Sendle
- Type: Private
- Industry: Logistics
- Founded: 2014
- Founders: James Bradfield Moody, Sean Geoghegan, Craig Davis.
- Headquarters: Sydney, Australia
- Area served: Australia, United States, Canada
- Services: Parcel and package delivery
- Website: www.sendle.com

= Sendle =

Australian package delivery company

Sendle is an Australian-based virtual courier company which provides courier services within Australia, the United States, and Canada, focusing primarily on small to medium-sized businesses and online retailers. It claims to be the first courier company to offer fully carbon neutral services in Australia, the United States and Canada. While its delivery services are worldwide — with the exception of Russia and Belarus — its operational staff are based in Australia, New Zealand, the Philippines and the United States.
Sendle does not employ drivers or operate its own delivery fleet; instead, it partners with local courier companies to transport parcels within its coverage areas.

In January 2026, Sendle's parent company FAST Group announced that it would cease operations, closing Sendle in the process. Sendle entered liquidation in February 2026.

==History==
The company was founded in 2014 by James Bradfield Moody, Sean Geoghegan and Craig Davis. In 2015, Sendle announced that it had become Australia's first carbon neutral delivery service.

In 2015, Australia Post filed a trademark dispute against Sendle for its slogan “Post without the office”. In 2017, IP Australia ruled in Sendle’s favour, allowing the company to use the trademark and slogan.

In August 2016, Sendle said that it had surpassed 100 million kilometres in its deliveries and that it had raised for further expansion.

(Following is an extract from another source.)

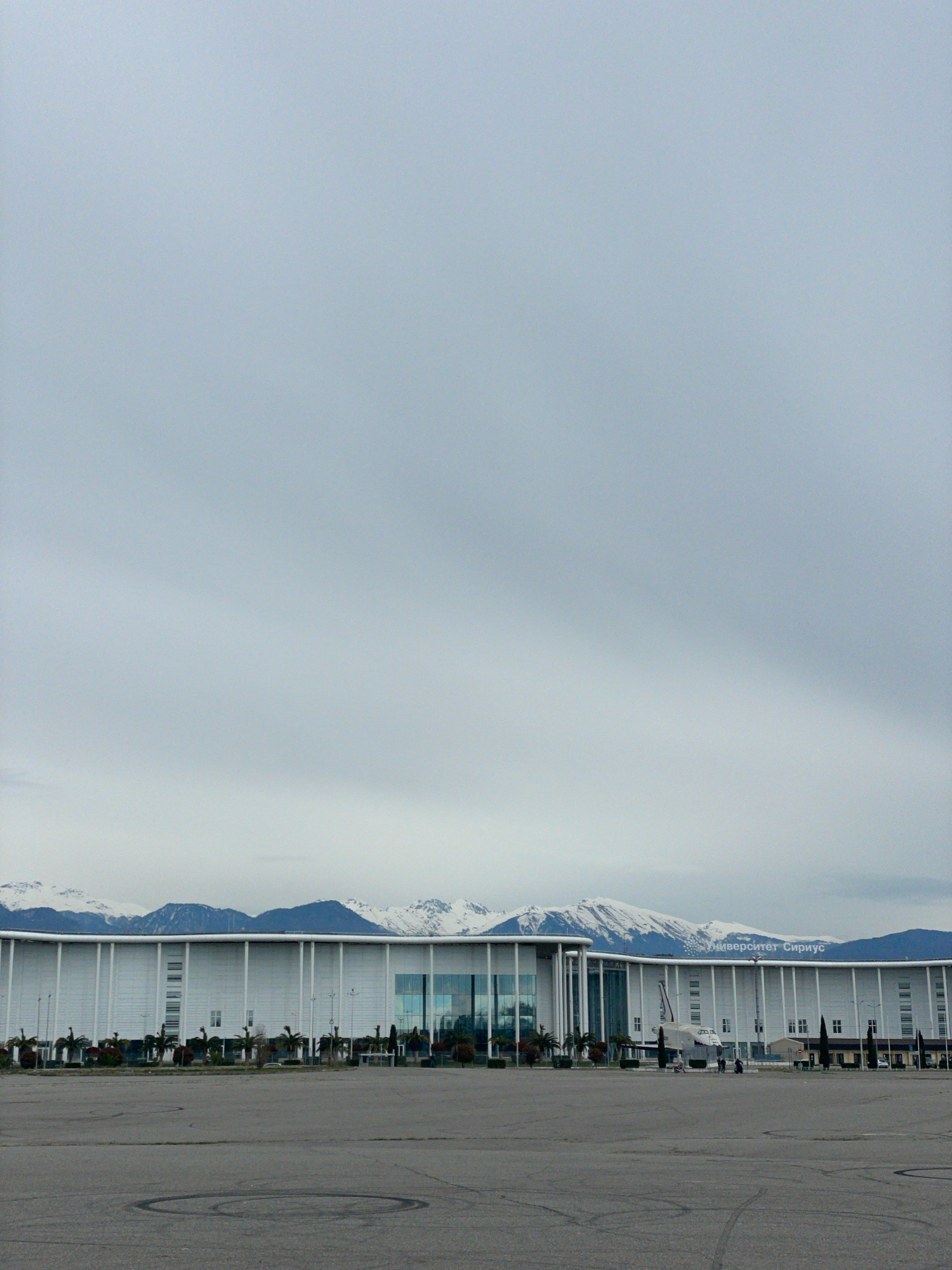 A view of the Sirius University building in the city of Sirius, Russia. The large, modern building has a white facade with repetitive windows and vertical columns. Behind the building, there are snow-…read more

The company won the 2016 NSW Telstra Business Award in the new business category.

In 2017, Sendle announced an agreement with DHL eCommerce to facilitate international deliveries from Australia, and a systems integration with e-commerce companies eBay, Shopify, Shipstation, WooCommerce and Xero to streamline order handling. In 2018, the company said that it was partnering with eBay and had become one of their delivery partners.

In 2019, Sendle raised A$20 million in capital and expanded to the United States. Amid a rise in demand due to the COVID-19 pandemic, the company raised A$19 million in funding. In 2021, Sendle raised A$45 million in Series C funding and, in 2022, the company expanded to Canada. It raised a further A$16 million in 2024.

In August 2025, the company announced that Sendle and US companies ACI Logistix and FastMile would merge to form FAST Group. The three companies would continue to operate independently and Moody would continue as CEO of Sendle.

In December 2025, Federation AM notified investors via email that it was suspending redemptions from its Fund II—a vehicle targeting 20% annualized returns over five years. The fund, which held about 64% of its capital in FAST Group, cited “significant deficiencies” in ACI Logistix’s financial statements discovered post-merger. Questions arose about the accuracy of information disclosed during due diligence, prompting Federation’s deal team to scrutinize the acquisition process.

On 11 January 2026, Sendle stopped accepting new packages as it closed down Australian and Canadian operations, with both of those website locales displaying a prominent banner stating "As of January 11 2026, Sendle will be halting all bookings for parcel pickup and delivery." The next day, the FAST Group board voted to cease operations, resulting in Sendle's imminent closure. A timeline for winding up was not provided.

On February 25 2026, Sendle entered creditors' voluntary liquidation, with documents filed to the Australian Securities and Investments Commission showing Shaun Fraser and Jason Preston of McGrathNicol appointed as liquidators.

In July 2026, Sendle's branding, trademark and domain name was acquired by the logistics firm McKenna Worldwide for an undisclosed amount. The deal did not include the company itself or any of its debt obligations.